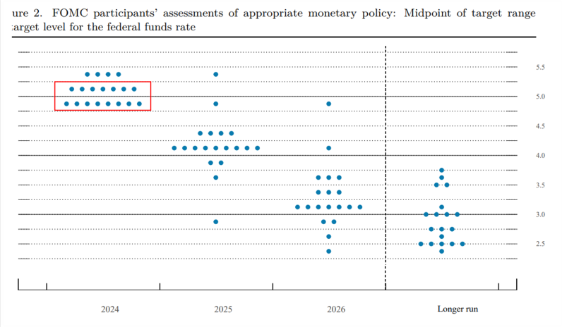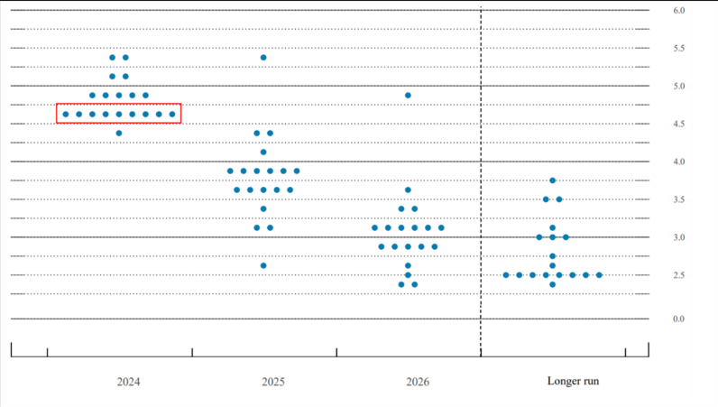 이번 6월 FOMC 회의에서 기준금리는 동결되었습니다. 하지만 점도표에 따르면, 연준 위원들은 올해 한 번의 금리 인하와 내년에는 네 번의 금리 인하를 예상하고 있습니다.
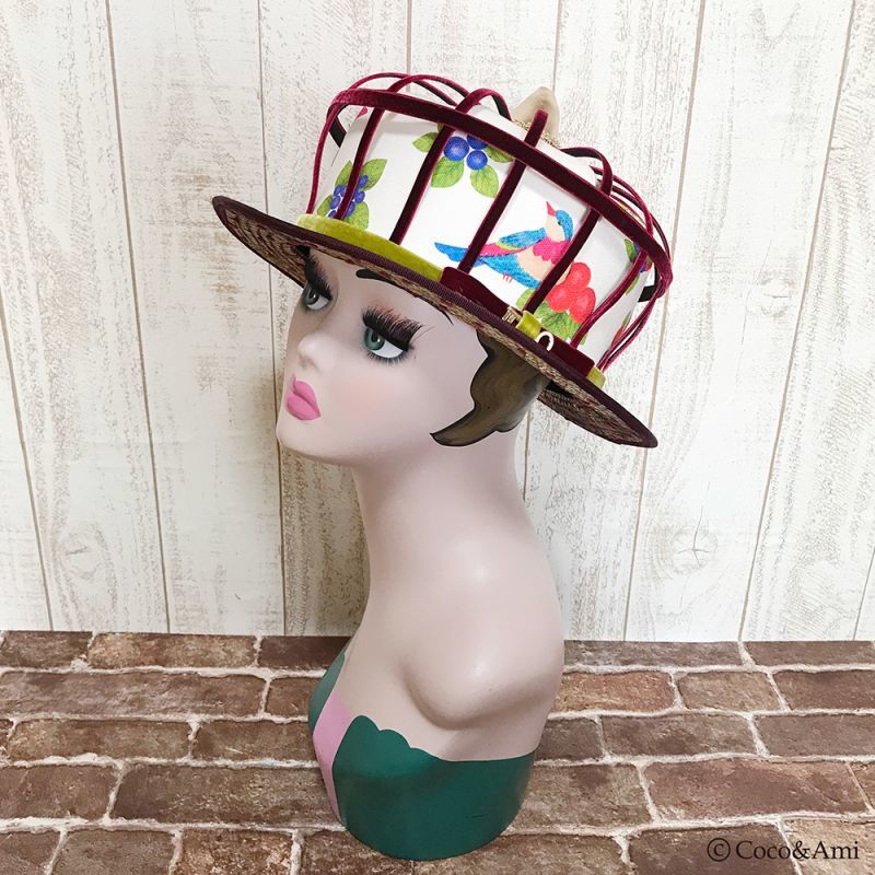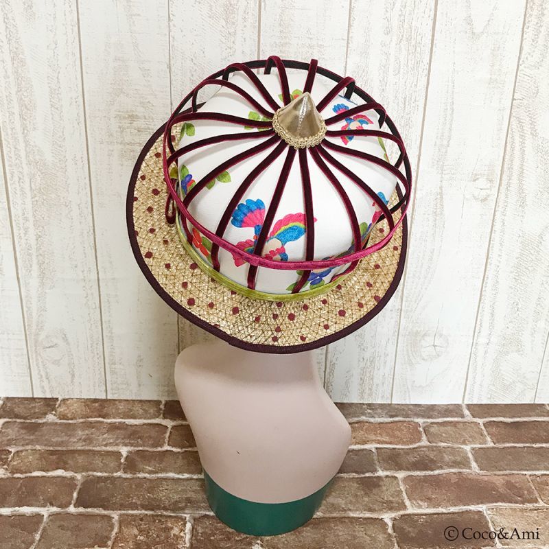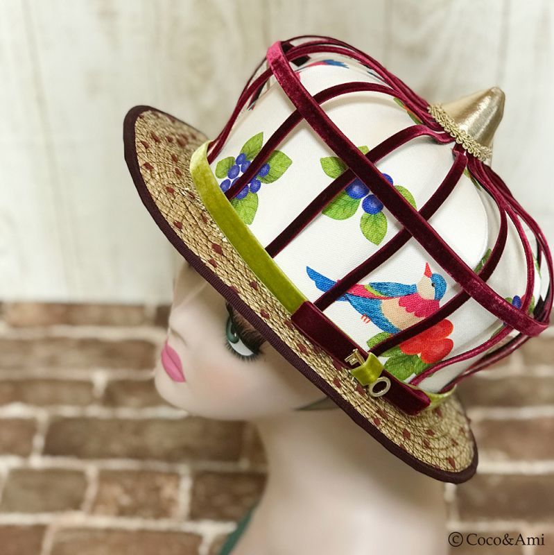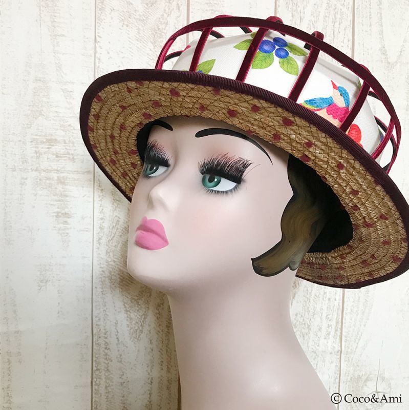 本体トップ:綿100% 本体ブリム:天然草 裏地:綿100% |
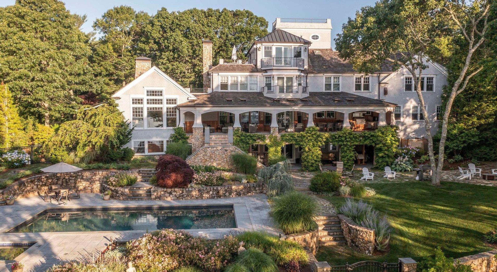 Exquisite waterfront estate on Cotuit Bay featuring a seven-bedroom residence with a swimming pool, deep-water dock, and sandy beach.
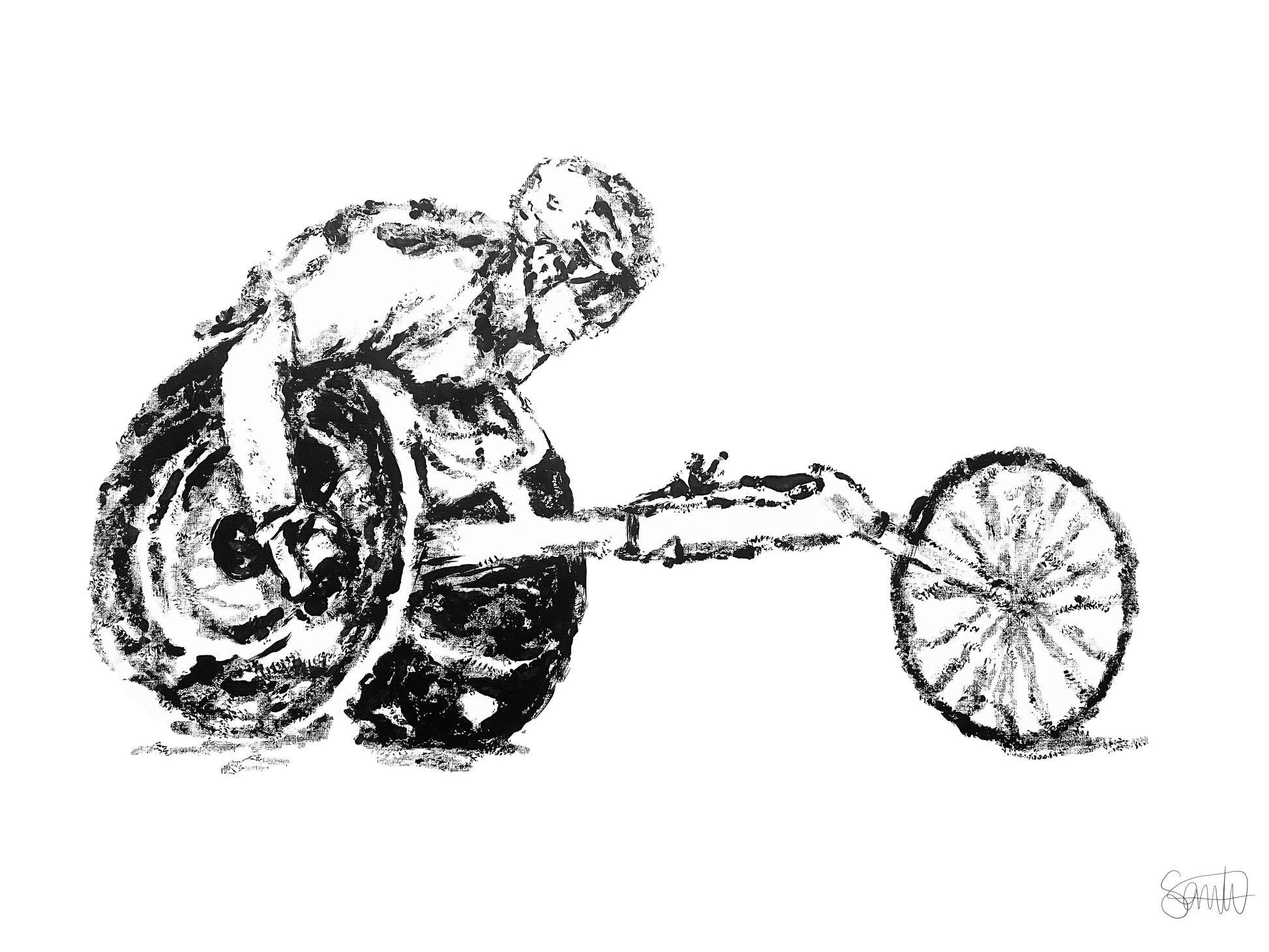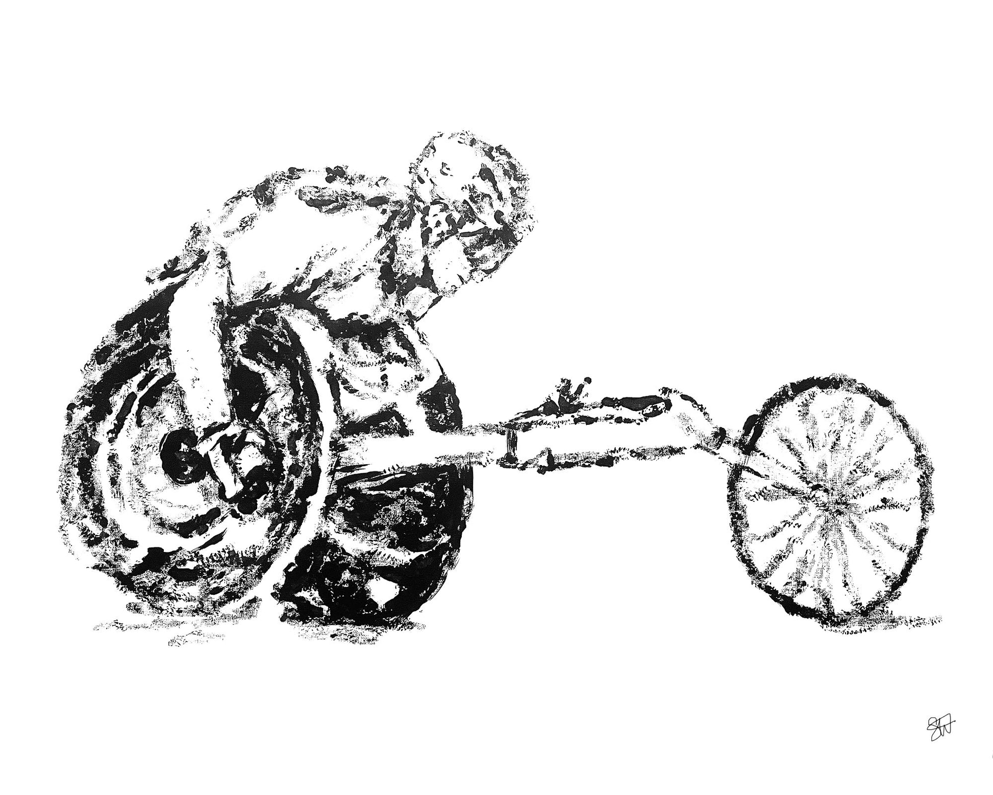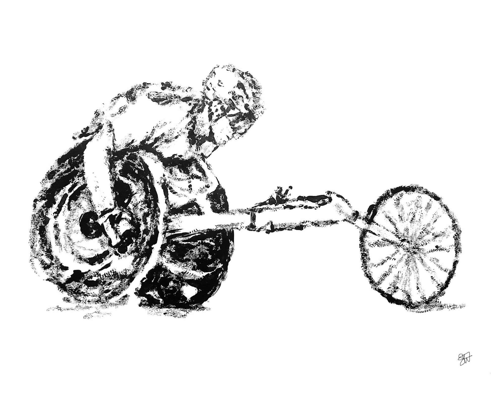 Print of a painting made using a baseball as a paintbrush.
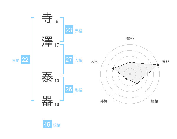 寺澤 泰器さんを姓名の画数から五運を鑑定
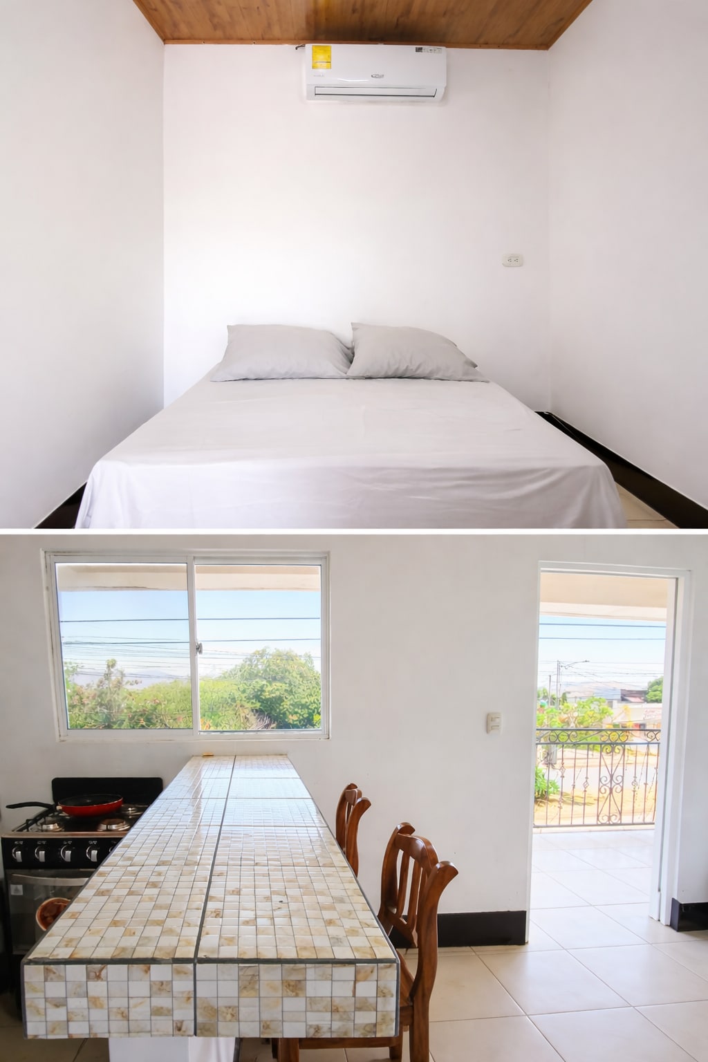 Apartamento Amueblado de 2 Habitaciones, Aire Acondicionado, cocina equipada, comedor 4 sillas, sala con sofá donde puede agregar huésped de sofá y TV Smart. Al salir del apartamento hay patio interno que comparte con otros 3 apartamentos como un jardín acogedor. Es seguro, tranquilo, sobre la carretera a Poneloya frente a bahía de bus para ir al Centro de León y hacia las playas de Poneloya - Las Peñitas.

☆ ☆ ☆

#### PROBLEM DETAILS
Using the records above, output their complete text exactly, minus any images.

#### OUTPUT OF THE EXERCISE
 이번 6월 FOMC 회의에서 기준금리는 동결되었습니다. 하지만 점도표에 따르면, 연준 위원들은 올해 한 번의 금리 인하와 내년에는 네 번의 금리 인하를 예상하고 있습니다.
 本体トップ:綿100% 本体ブリム:天然草 裏地:綿100% |
 Exquisite waterfront estate on Cotuit Bay featuring a seven-bedroom residence with a swimming pool, deep-water dock, and sandy beach.
 Print of a painting made using a baseball as a paintbrush.
 寺澤 泰器さんを姓名の画数から五運を鑑定
 Apartamento Amueblado de 2 Habitaciones, Aire Acondicionado, cocina equipada, comedor 4 sillas, sala con sofá donde puede agregar huésped de sofá y TV Smart. Al salir del apartamento hay patio interno que comparte con otros 3 apartamentos como un jardín acogedor. Es seguro, tranquilo, sobre la carretera a Poneloya frente a bahía de bus para ir al Centro de León y hacia las playas de Poneloya - Las Peñitas.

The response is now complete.